Dear Michael,
I'd suggest to use a line like
rms :111.OG,:164.NE2 \
for a working mask, as this type works for pure rms fits as well. (See
section 29.2.2 of the Amber16 manual about the details of the masks in
cpptraj.)
I'm not sure, however, whether this cluster command suits your intention
about the analysis, but I'm not an expert there.
Regards,
Anselm
Am 12.05.2016 13:12, schrieb Michael Shokhen:
> Dear Anselm,
>
> Thank you for your response where you suggested that
> "your mask of the rms argument is broken as it contains spaces
> thus the second part of your mask ':164.NE2' is mistakenly interpreted
> as a further argument."
>
> Unfortunately, you didn't present a correct form of the command.
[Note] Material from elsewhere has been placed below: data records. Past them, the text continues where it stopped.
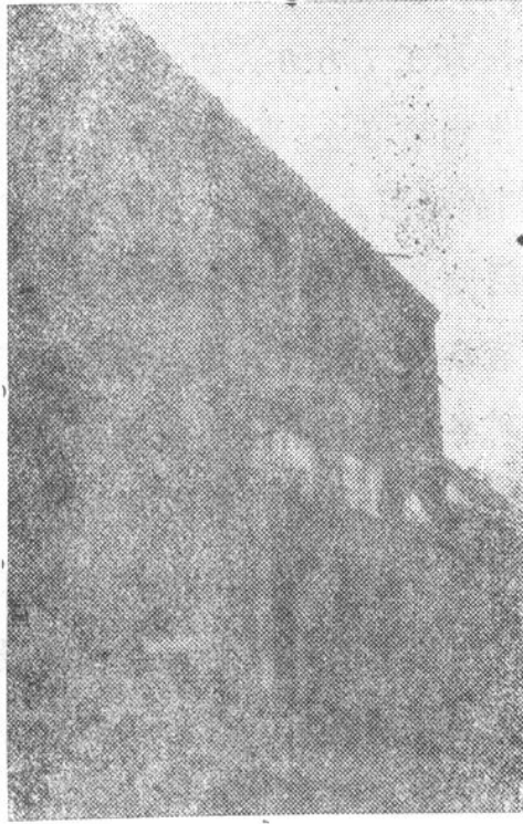
图二：三十年代九龙岗邮政局旧址
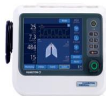
Figura 9 - Ventilador C1 (retirado de catálogo Hamilton)

Seguidamente irá ser feita uma descrição mais exaustiva do C1, pois destes três modelos é aquele que mais se adequa ao mercado português.
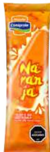
Helado de Naranja Cont. Neto 58 grs
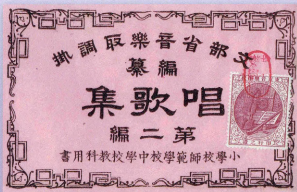
『小学唱歌集 第二編』(表紙裏 明治14年)
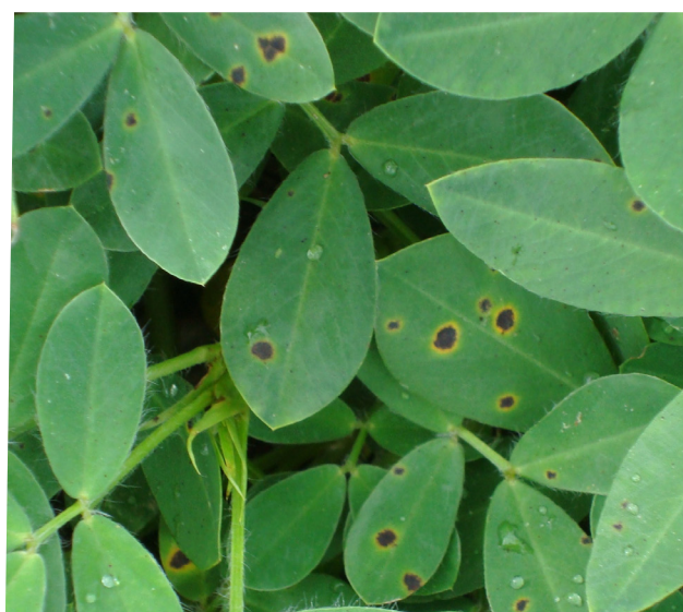
Intenso ataque de viruela tardía

La viruela temprana y la viruela tardía pueden ser identificadas por producir pequeñas manchas de color marrón, de un tamaño que oscila entre 2 a 4 mm de diámetro. La viruela temprana tiene generalmente un halo amarillento alrededor de la mancha, el cual también puede estar presente en la
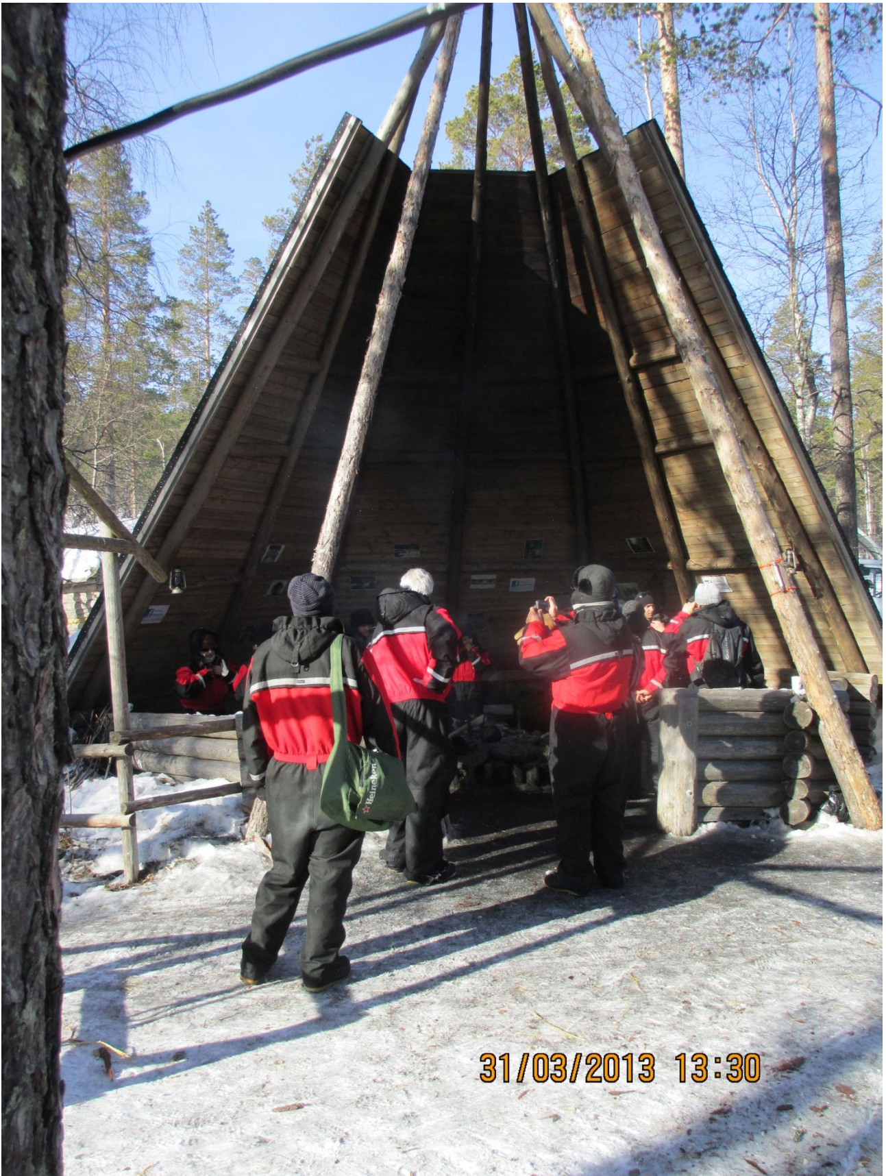
Rovaniemi. Dopo la gita in slitta con i cani .... Ristoro con tè e pasticcini in questa che credo tipica capanna lappone.
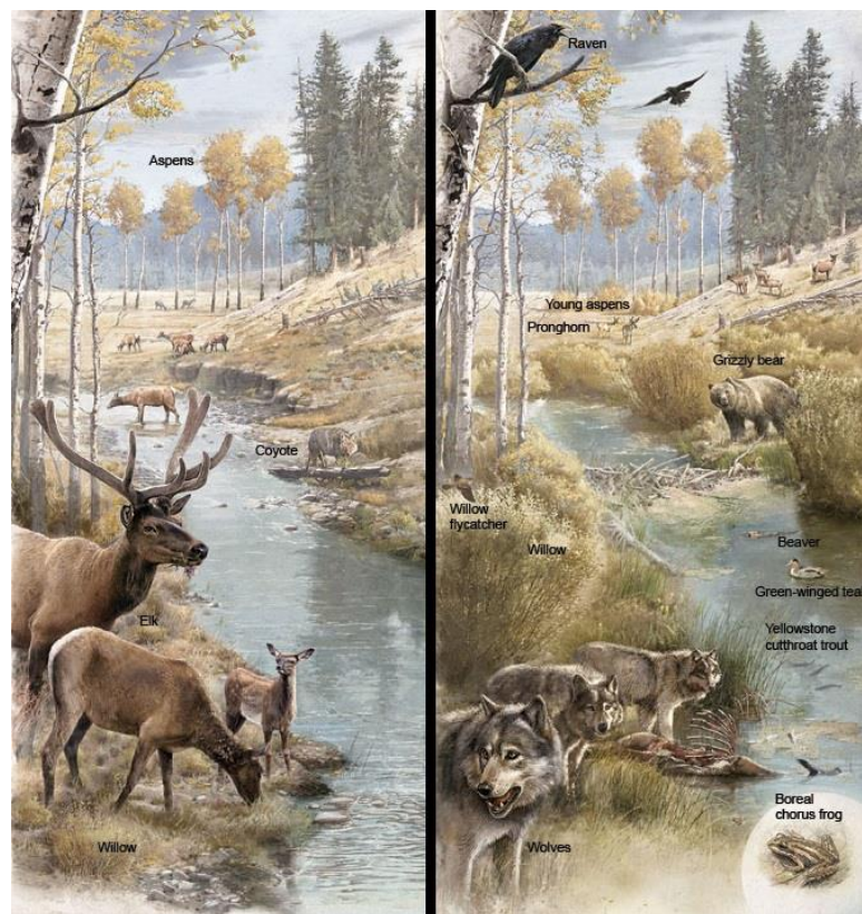
Slika 2. Lijevo - prije reintrodukcije vuka, desno – nakon reintrodukcije

Biološki resursi imaju široku primjenu u svakodnevnom životu - od uloge genetike u stvaranju novih kultivara preko vrsta koje se koriste za hranu, u medicini i u industrijske svrhe pa do kompletnih ekosistema koji pomažu procesima kao što su pročišćavanje voda i kontrola poplava. Bitno je imati na umu da su sve komponente bioraznolikosti međusobno povezane i odstupanje jednog segmenta iz ravnoteže dovodi cijeli sustav u disbalans, makar naočigled ne bismo povezali da će, primjerice, nestanak vuka iz ekosustava Yellowstonea dovesti do proširenja korita rijeke, značajnog smanjenja kvalitete vegetacije i gubitka mnogih vrsta (Timber Wolf Information Network, 2019) (slika 2).
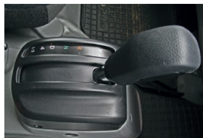
На селекторе есть режимы ограничения: не выше 3 и не выше 4 передачи

масляного насоса. Причины перегрева: проблемы с жидкостью, неисправность или загрязнение теплообменника АКП, долгая езда с высокой нагрузкой на низших передачах, долгое буксование автомобиля.
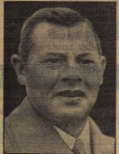
Er „piff“ Deutschland-England.

Siechen kontrollierte der Zuschauer unsere Fahrarten. Er begrüßte uns mit den Worten: „I'm glad to know, it was a very good match!“ Das trifft den Nagel auf den Kopf. Es war wirklich ein großes Spiel. Schlagen konnten wir unsere diesmaligen Gegner nicht, der Leistungsunterschied war zu stark. Aber wir haben diesem Gegner alles abverlangt. Er mußte sein ganzes Können aufbieten, um zu dem klaren Sieg zu kommen, der für uns eine ebenso klare Niederlage ist. Diese Niederlage haben wir in einer Weise hingenommen, an der nichts anzusehen ist. Fußballdeutschland hat die Aufgaben, welche die Englandfahrt an es stellte, nach besten Kräften erfüllt.
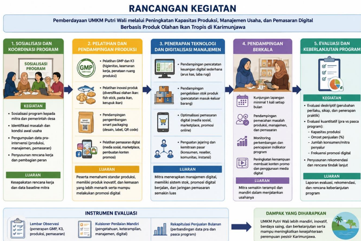
Gambar 1. Rancangan Kegiatan Pengabdian Kepada Masyarakat

Kegiatan pengabdian kepada masyarakat ini dilaksanakan di Desa Nyamuk, Karimunjawa, Kabupaten Jepara, Provinsi Jawa Tengah selama enam bulan. Sasaran kegiatan adalah UMKM Putri Wali yang beranggotakan 25 perempuan pesisir yang bergerak pada pengolahan produk berbasis ikan tropis. Metode pelaksanaan menggunakan pendekatan partisipatif kolaboratif yang menempatkan mitra sebagai subjek utama dalam setiap tahapan kegiatan. Pendekatan ini dirancang agar mitra tidak hanya menjadi penerima manfaat, tetapi juga terlibat aktif dalam proses identifikasi masalah, pelaksanaan program, hingga evaluasi kegiatan.
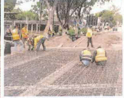
Foto 3. Vista del trabajo ejecutado, lado derecho.
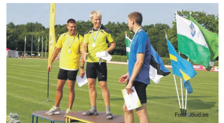
Meenutus 2011. aastal Rakveres toimunud mängudest.

16. Eestimaa suvemängud korraldab Eestimaa Spordiliit Jõud koostöös Rakvere Linnavalitsuse ja Lääne-Virumaa Spordiliiduga.
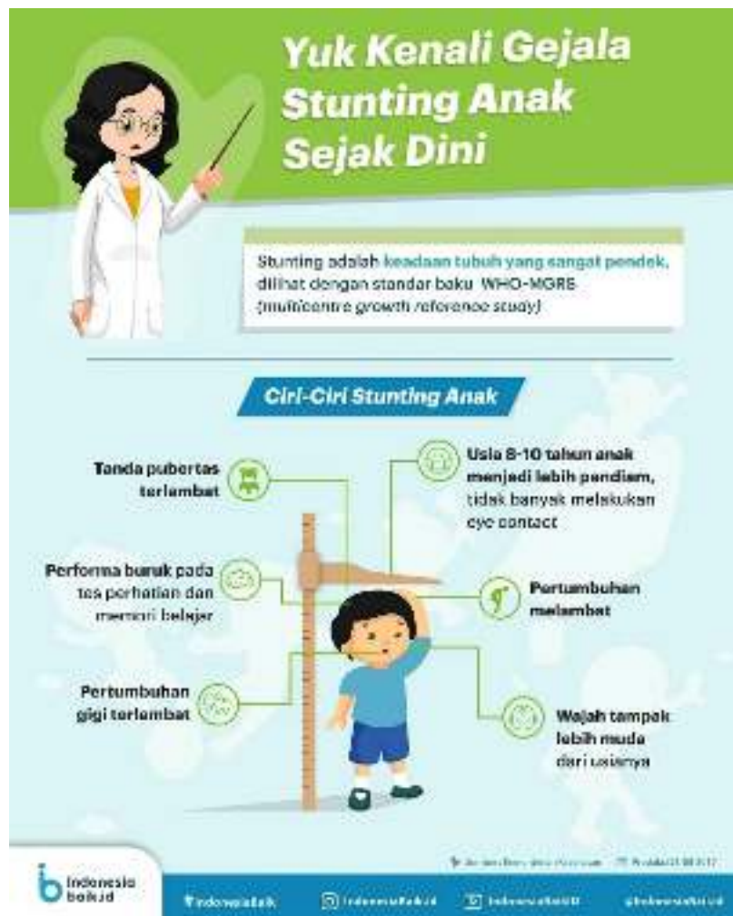
Gambar 4. Pengenalan gejala stunting pada anak

Anah mese in ma soit on le anpakas (stunting) ai in kanpakas nane tahine nako amnanun le ma leti. On nane hit ka taksel fa kalu anah nane ka ma leti.
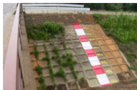
中西橋(護岸ブロック)
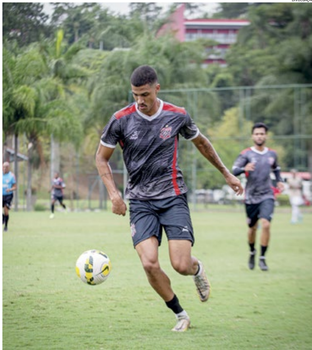
A competição tem início previsto para 20 de abril e a data da final em 29 de setembro

A FPF dividiu os grupos da 5ª Divisão e definiu o modelo de disputa do torneio, que contará com
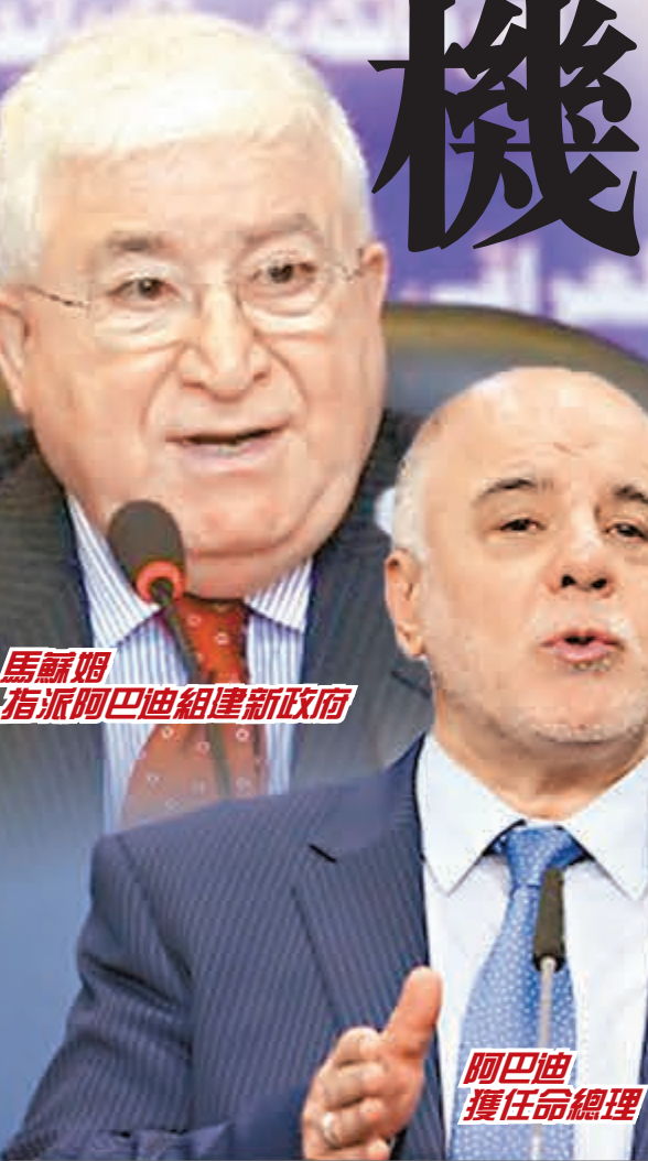
馬蘇姆指派阿巴迪組建新政府
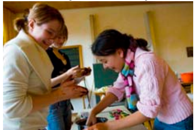
Den Projektteilnehmerinnen konnte man den Spaß an der Arbeit mit den Süßigkeiten anmerken

jedoch auf, dass auch noch etwas zum Verkauf übrig bleibt. Trotzdem durften wir auch mal probieren und können besonders das Wallnusskonfekt empfehlen.

> I would highly appreciate if you will send me a correct variant of the
> line:
> rms :111.OG, :164.NE2 \
>
> Thank you,
> Michael
>
>
>
>
> *****************************
> Michael Shokhen, PhD
> Associate Professor
> Department of Chemistry
> Bar Ilan University,
> Ramat Gan, 52900
> Israel
> email: shokhen.mail.biu.ac.il
>
> ________________________________________
> From: Dr. Anselm Horn <anselm.horn.fau.de>
> Sent: Thursday, May 12, 2016 1:28:29 PM
> To: AMBER Mailing List
> Subject: Re: [AMBER] error in cluster analysis by cpptraj
>
> Dear Michael,
>
> probably your mask of the rms argument is broken as it contains spaces;
> thus the second part of your mask ':164.NE2' is mistakenly interpreted
> as a further argument.
> Correcting the mask string may help solve the problem.
>
> Regards,
>
> Anselm
>
>
>
>
> Am 12.05.2016 12:06, schrieb Michael Shokhen:
>> Dear Amber experts,
>>
>>
>> I need to conduct cluster analysis of several sequential MD trajectories
>>
>> by inter atomic bond distance :111.OG, :164.NE2
>>
>>
>> I never used previously such analysis, so
>>
>> cpptraj reported about ERROR.
>>
>>
>> I need your advise to identify error in my cpptraj.combined.cluster.in input file
>>
>> that I ran by the command:
>>
>> $ cpptraj -i cpptraj.combined.cluster.in
>>
>>
>> See details below.
>>
>>
>> Thank you,
>>
>> Michael
>>
>> cpptraj.combined.cluster.in file:
>>
>> # Combined cluster analysis with cpptraj.
>>
>> # Load topology and both trajectories
>> parm ../*.prmtop
>> trajin ../20_/prod4.mdcrd # 5000 frames
>> trajin ../21_/prod5.mdcrd # 5000 frames
>> trajin ../22_/prod6.mdcrd # 4971 frames
>> # Remove ions so they do not appear in output structures.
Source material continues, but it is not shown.